Re: [boost] [rfc] I/O Library Design

24 Jun 2007

      Jeremy Maitin-Shepard wrote:
...
- One idea from [Boost.IOStreams] to consider is the
  direct/indirect device distinction.
I never noticed this distinction before. It seems useful, but there are
issues not unlike the AsyncIO issues.
Direct devices provide a different interface. A programmer can take
advantage of this interface for some purposes, but for most, I fear, the
advantages would be lost. Consider:
- A direct device cannot be wrapped by filters that do dynamic data
rewriting (such as (de)compression). The random access aspect would be lost.
- A direct device cannot participate in the larger stack without
propagating the direct access model throughout the stack. (And this
stops at the text level anyway, because the character recoder does
dynamic data rewriting.) Propagating another interface means a lot of
additional implementation effort and complexity.
...
- Binary transport layer issue:
Platforms with unusual features, like 9-bit bytes or inability to
  handle types less than 32-bits in size can possibly still implement
  the interface for a text/character transport layer, possibly on top of
  some other lower-level transport that need not be part of the boost
  library.  Clearly, the text encoding and decoding would have to be
  done differently anyway.
A good point, but it does mean that the text layer dictates how the
binary layer has to work.

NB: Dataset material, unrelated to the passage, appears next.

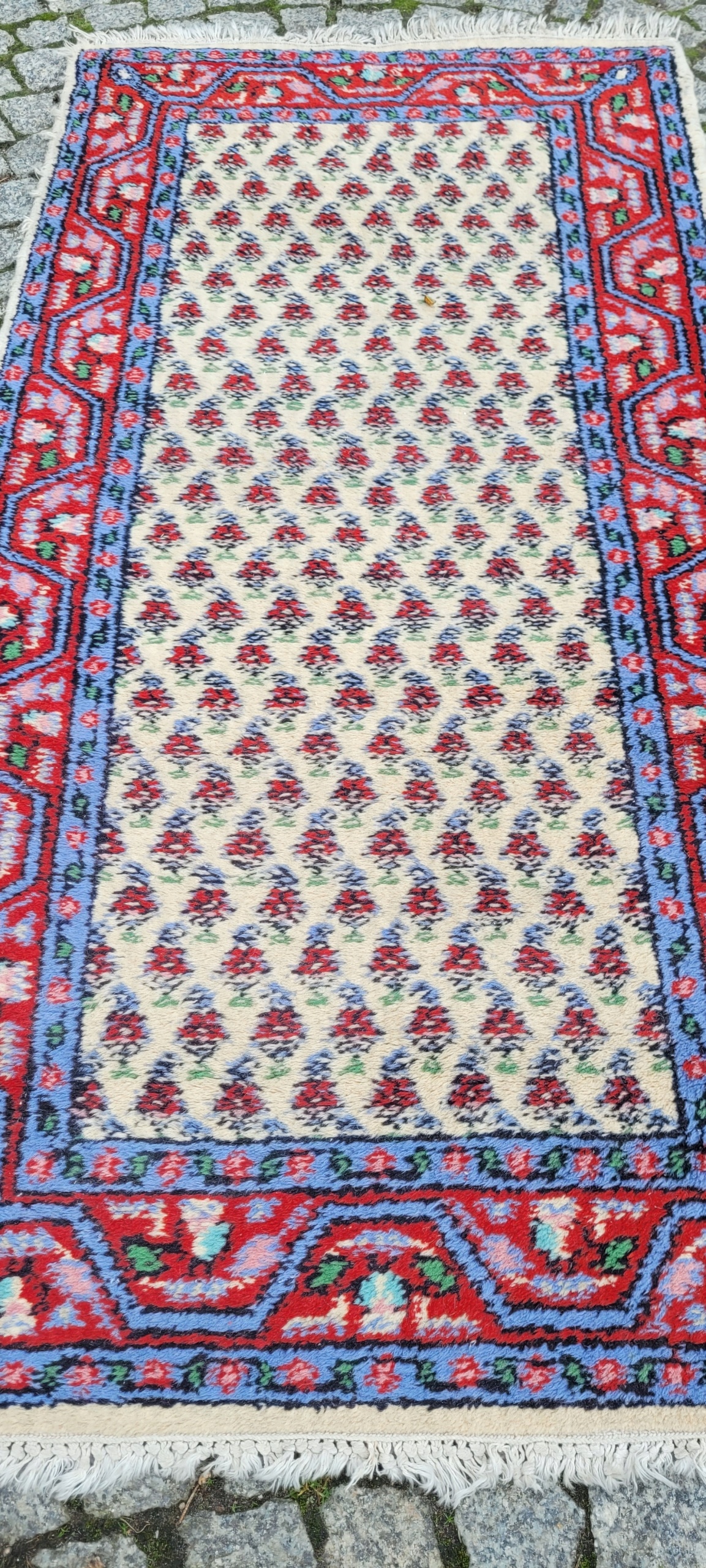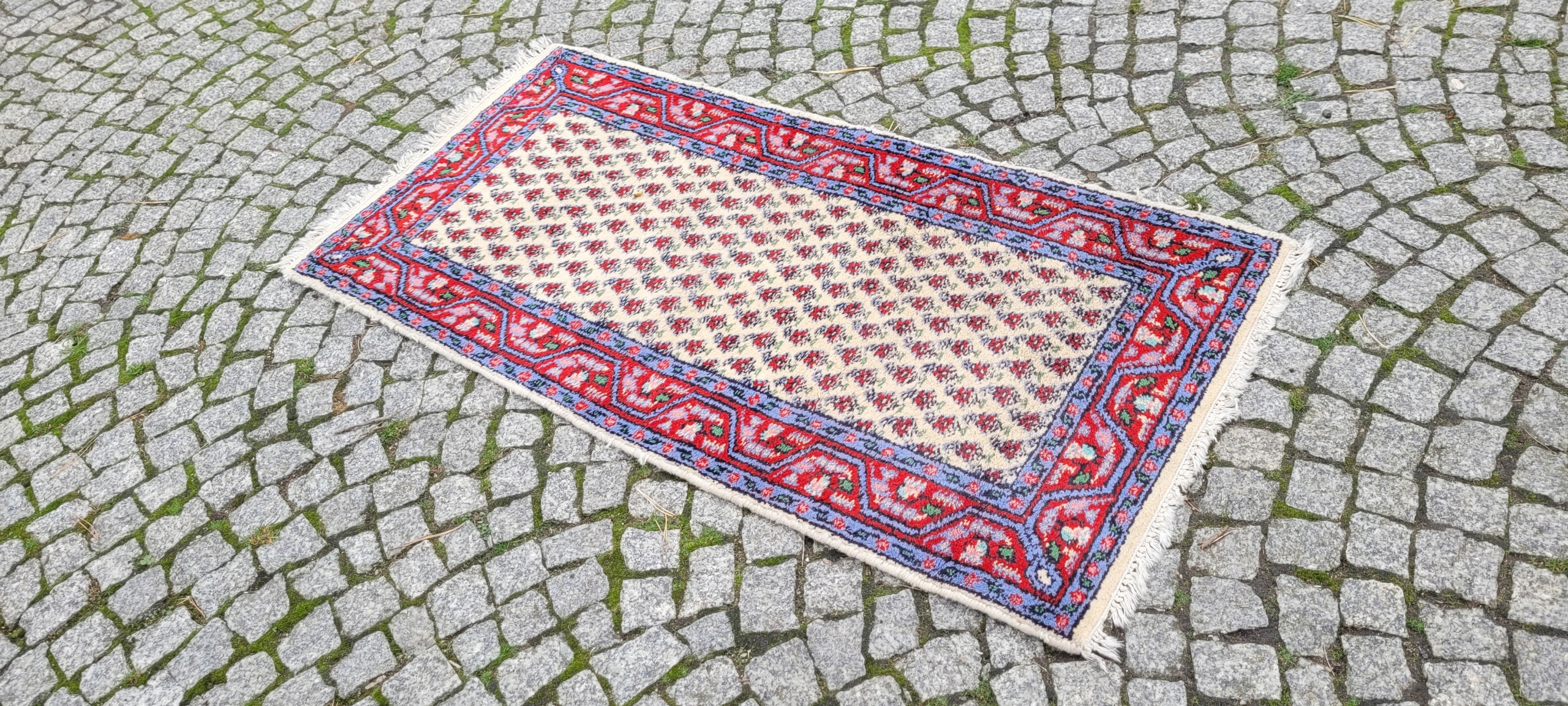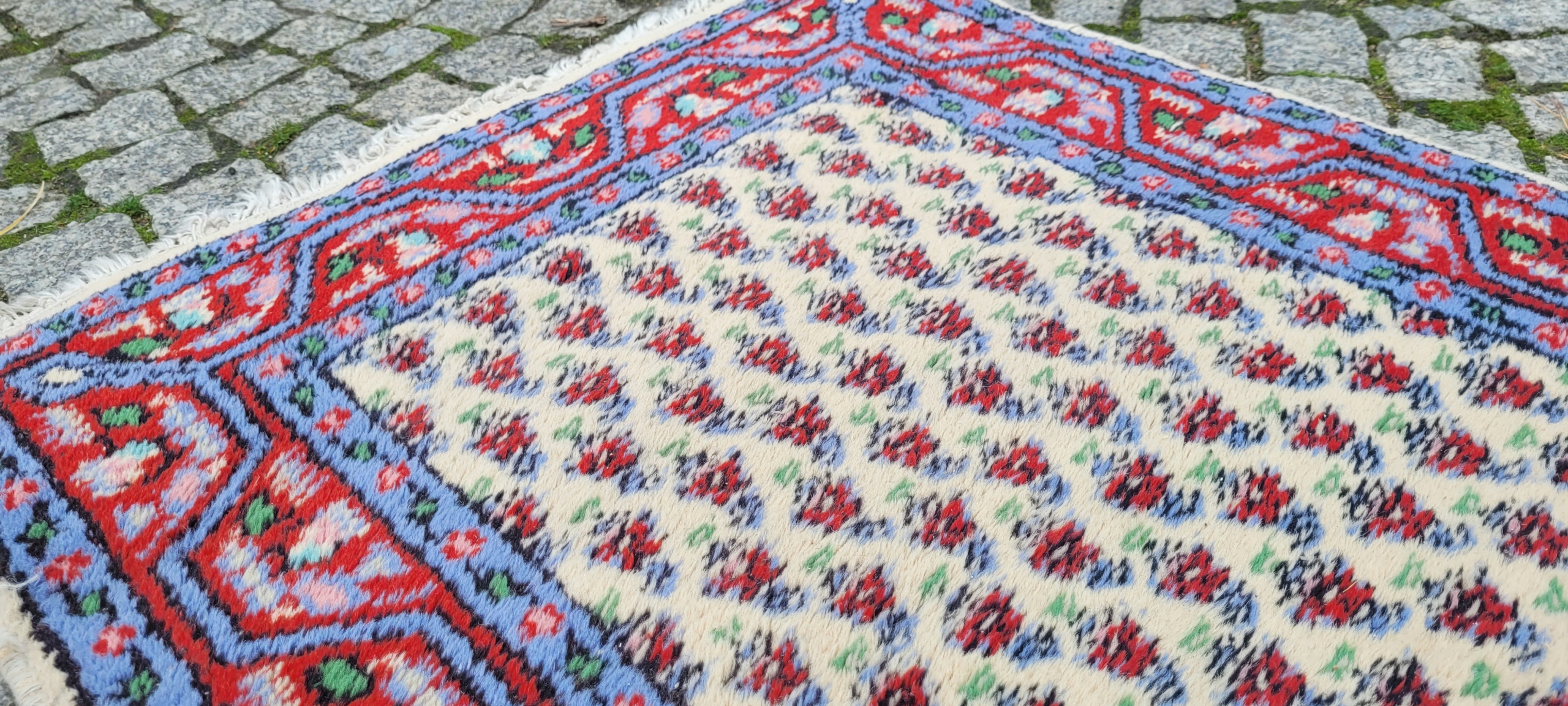 Чудовий килим Indo-Mir Saroug. Вручну виткана з вовни. Характеризується компактним, приємним на дотик флісом і красивими кольорами та візерунками. Він у хорошому стані.

Not really desirable when pure binary I/O has
nothing to do with text I/O.
One approach that occurs to me would be to make the binary transport
layer use a platform-specific byte type (octets, nonets, whatever) and
have the binary formatting layer convert this into data suitable for
character coding.
...
- Seeking:
Maybe make multiple mark/reset use the same interface as seeking, for
  simplicity.  Just define that a seeking device has the additional
  restriction that the mark type is an offset, and the argument to seek
  need not be the result of a call to tell.
Another issue is whether to standardize the return type from tell,
  like std::ios_base::streampos in the C++ iostreams library.
These are incompatible requirements, and the reason I want to keep the
interfaces separate. Standardizing the tell return type is a good idea
and necessary for efficient work of type erasure and simple use of
arbitrary values in seek(). The type must be transparent.
The return type of mark(), on the other hand, can and should be opaque.
This allows for many interesting things to be done. For example:
Consider a socket. It has no mark/reset, let alone seeking support.
You have a recursive descent parser that requires multiple mark/reset
support.
You want to parse data coming from the socket using this parser.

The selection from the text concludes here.